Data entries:
□ □ □ □ □ □ □

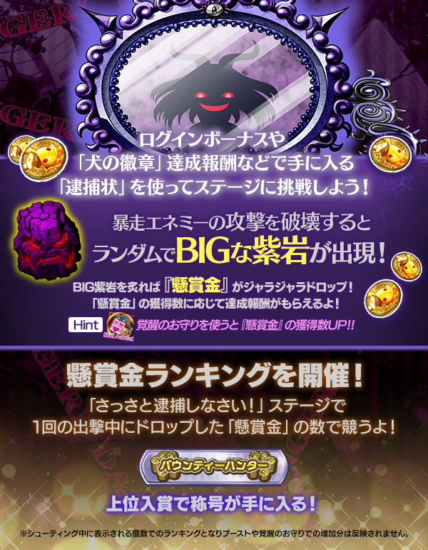 | 逮捕状 「さっさと逮捕しなさい!」ステージに挑戦できる! | 最大20枚 | |
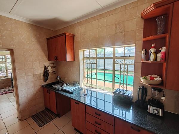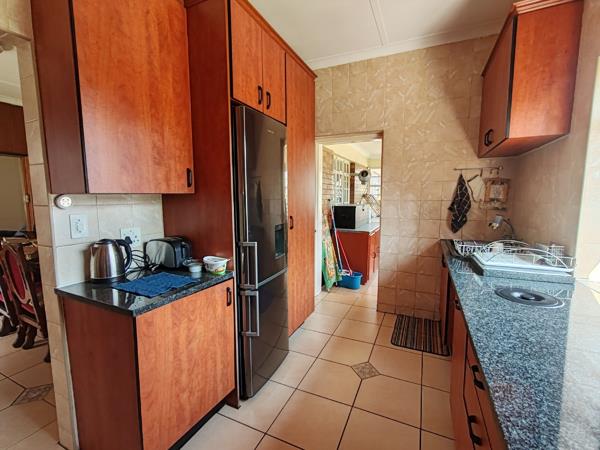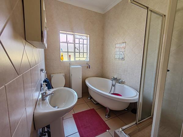 The home has 3 spacious bedrooms with built in Cupboards and wooden floors. There is a full bathroom and a big oval bath. Extra storage cupboards in the passage.
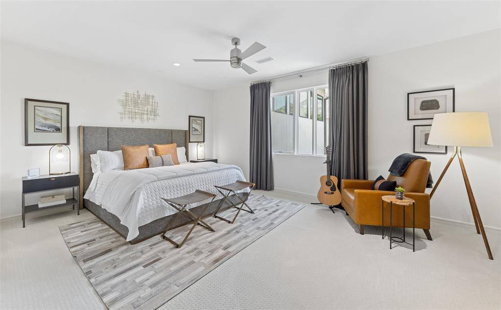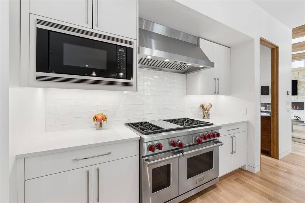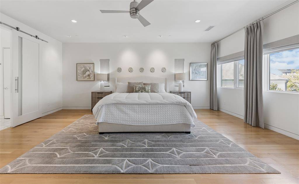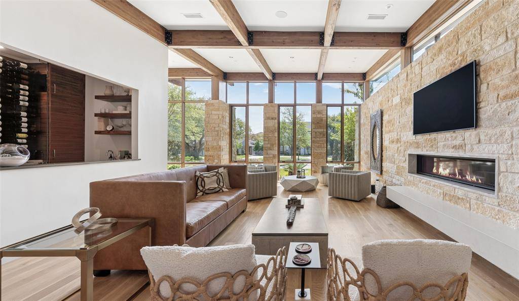 This striking 6,143-square-foot residence blends refined architecture, energy efficiency, and everyday functionality. Sleek lines softened by warm Austin stone create a sophisticated exterior, while expansive windows and sliding glass doors fill the home with natural light and provide a seamless indoor-outdoor connection.
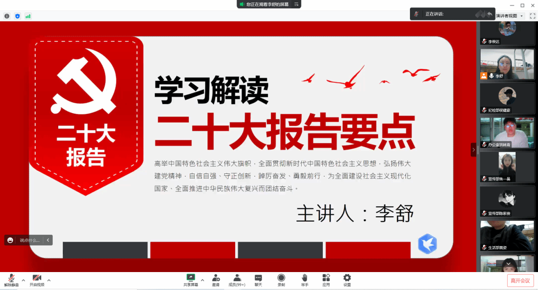 首先,李舒概括了党的二十大报告要点“高举中国特色社会主义伟大旗帜,全面贯彻新时代中国特色社会主义思想,弘扬伟大建党精神,自信自强,守正创新,踔厉奋发、勇毅前行,为全面建设社会主义现代国家、全面推进中华民族伟大复兴而团结奋斗!”使学生清晰了解了二十大报告的要点。
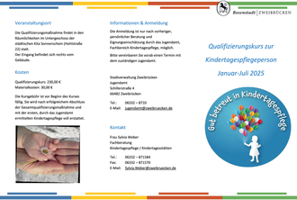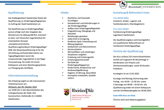 Die Stadt Zweibrücken bietet ab Januar einen Qualifizierungskurs an, an dem auch Interessierte aus dem Landkreis Südwestpfalz teilnehmen können. Dazu bietet das Jugendamt der Stadt Zweibrücken eine Informationsveranstaltung an: am Mittwoch, 9. Oktober, ab 19 Uhr im Untergeschoss der Kita Sonnenschein in Zweibrücken, Hohlstraße 22.
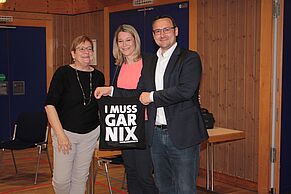 Selbstverständlich machte er sich auch über uns Veranstalter lustig indem er unseren vor der Stadthalle aufgebauten Grill ins Visier nahm. Dort würden wir "Grüne" begeistert die "Roten" grillen - auch gerne, bis diese "schwarz" würden. Dies konnte den Appetit auf unsere roten Würste in der Halbzeitpause aber nicht verderben, zumal durch die Familie Pfuderer auch köstliche Steillagen Weine, direkt von unserem Hausberg, dem Hohenasperg angeboten wurden.
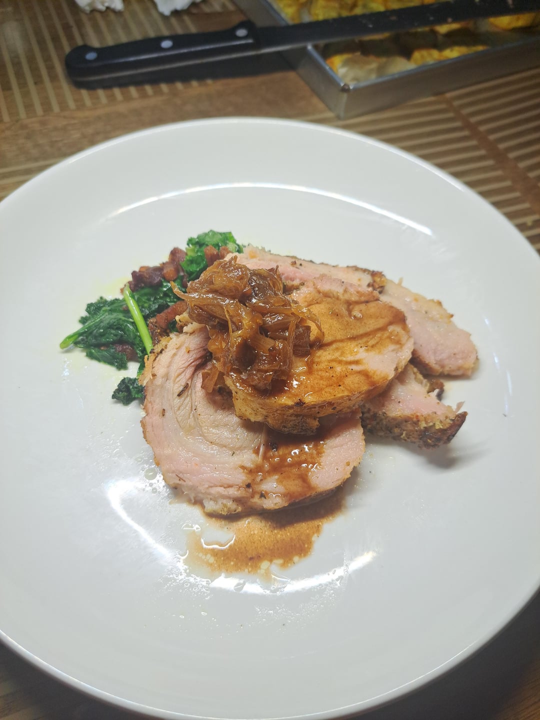 im not a pro, but how did i do? looking for constructive advice! this is a slow-roasted duroc pork belly with a red wine balsamic jus, caramelised onion, served on a bed of sauteed kale with crispy guanciale by Humiliated-Guava729 Culinary Culinary Plating
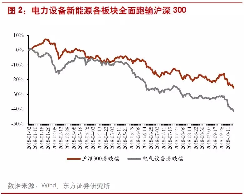 2018年新能源行业受产业政策冲击较大。光伏受“531新政”突袭,迎来行业冰点;风电伴随弃风率持续改善,行业景气度明显回升,但板块估值受政策和盈利能力下降影响下滑较大;特高压大规模重启,相关公司业绩确定性较强;工控行业受宏观经济波动影响短期承压,全年行业规模增幅在10%左右。
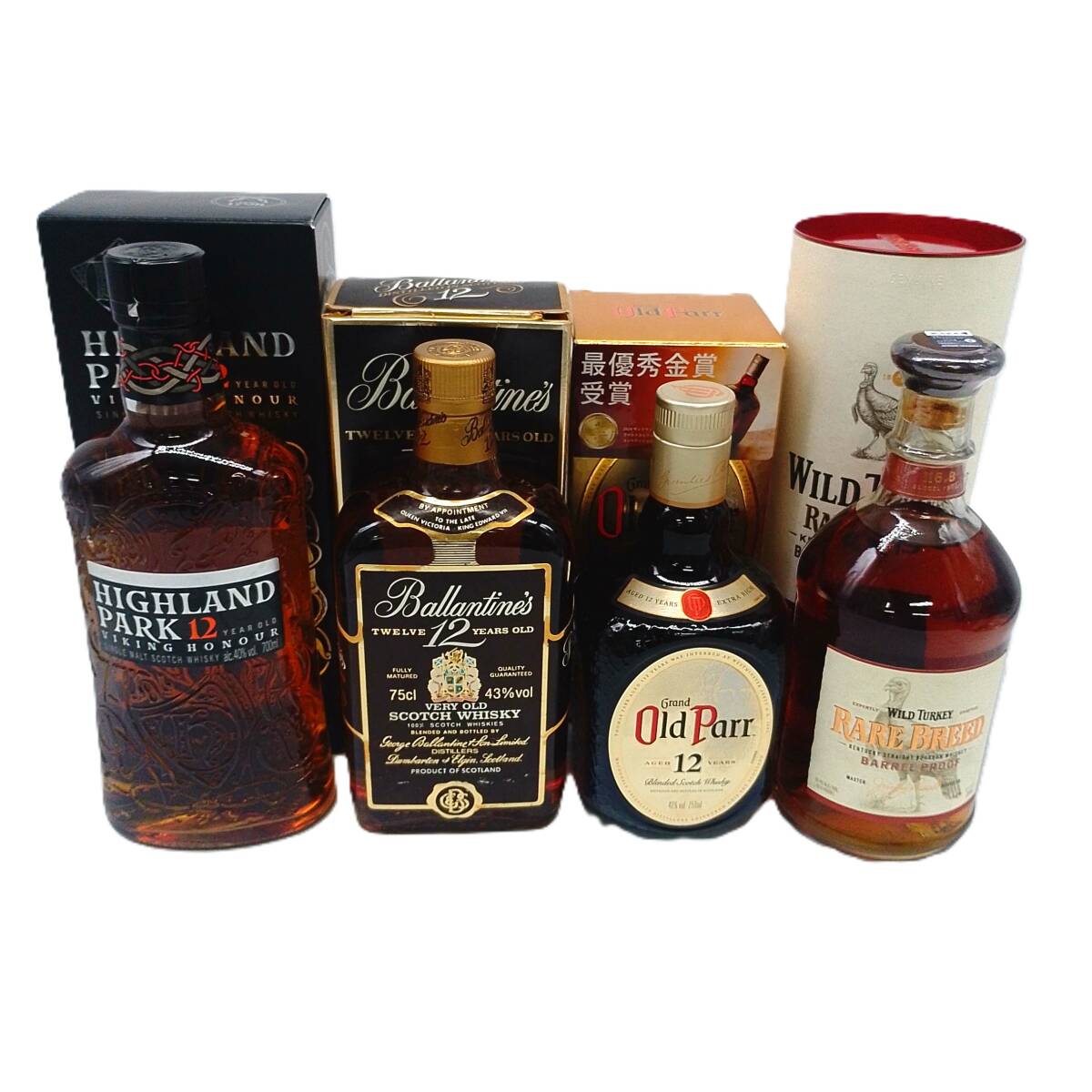 > 未開封 箱付きウイスキー4本 ハイランドパーク12年、バランタイン12年ベリーオールド、オールドパー12年、ワイルドターキーレアブリード

□ □ □ □ □ □ □

EXERCISE PROMPT:
Output all of the entries verbatim, leaving out any images.

PROBLEM SOLUTION:
 | 逮捕状 「さっさと逮捕しなさい!」ステージに挑戦できる! | 最大20枚 | |
 The home has 3 spacious bedrooms with built in Cupboards and wooden floors. There is a full bathroom and a big oval bath. Extra storage cupboards in the passage.
 This striking 6,143-square-foot residence blends refined architecture, energy efficiency, and everyday functionality. Sleek lines softened by warm Austin stone create a sophisticated exterior, while expansive windows and sliding glass doors fill the home with natural light and provide a seamless indoor-outdoor connection.
 首先,李舒概括了党的二十大报告要点“高举中国特色社会主义伟大旗帜,全面贯彻新时代中国特色社会主义思想,弘扬伟大建党精神,自信自强,守正创新,踔厉奋发、勇毅前行,为全面建设社会主义现代国家、全面推进中华民族伟大复兴而团结奋斗!”使学生清晰了解了二十大报告的要点。
 Die Stadt Zweibrücken bietet ab Januar einen Qualifizierungskurs an, an dem auch Interessierte aus dem Landkreis Südwestpfalz teilnehmen können. Dazu bietet das Jugendamt der Stadt Zweibrücken eine Informationsveranstaltung an: am Mittwoch, 9. Oktober, ab 19 Uhr im Untergeschoss der Kita Sonnenschein in Zweibrücken, Hohlstraße 22.
 Selbstverständlich machte er sich auch über uns Veranstalter lustig indem er unseren vor der Stadthalle aufgebauten Grill ins Visier nahm. Dort würden wir "Grüne" begeistert die "Roten" grillen - auch gerne, bis diese "schwarz" würden. Dies konnte den Appetit auf unsere roten Würste in der Halbzeitpause aber nicht verderben, zumal durch die Familie Pfuderer auch köstliche Steillagen Weine, direkt von unserem Hausberg, dem Hohenasperg angeboten wurden.
 im not a pro, but how did i do? looking for constructive advice! this is a slow-roasted duroc pork belly with a red wine balsamic jus, caramelised onion, served on a bed of sauteed kale with crispy guanciale by Humiliated-Guava729 Culinary Culinary Plating
 2018年新能源行业受产业政策冲击较大。光伏受“531新政”突袭,迎来行业冰点;风电伴随弃风率持续改善,行业景气度明显回升,但板块估值受政策和盈利能力下降影响下滑较大;特高压大规模重启,相关公司业绩确定性较强;工控行业受宏观经济波动影响短期承压,全年行业规模增幅在10%左右。
 > 未開封 箱付きウイスキー4本 ハイランドパーク12年、バランタイン12年ベリーオールド、オールドパー12年、ワイルドターキーレアブリード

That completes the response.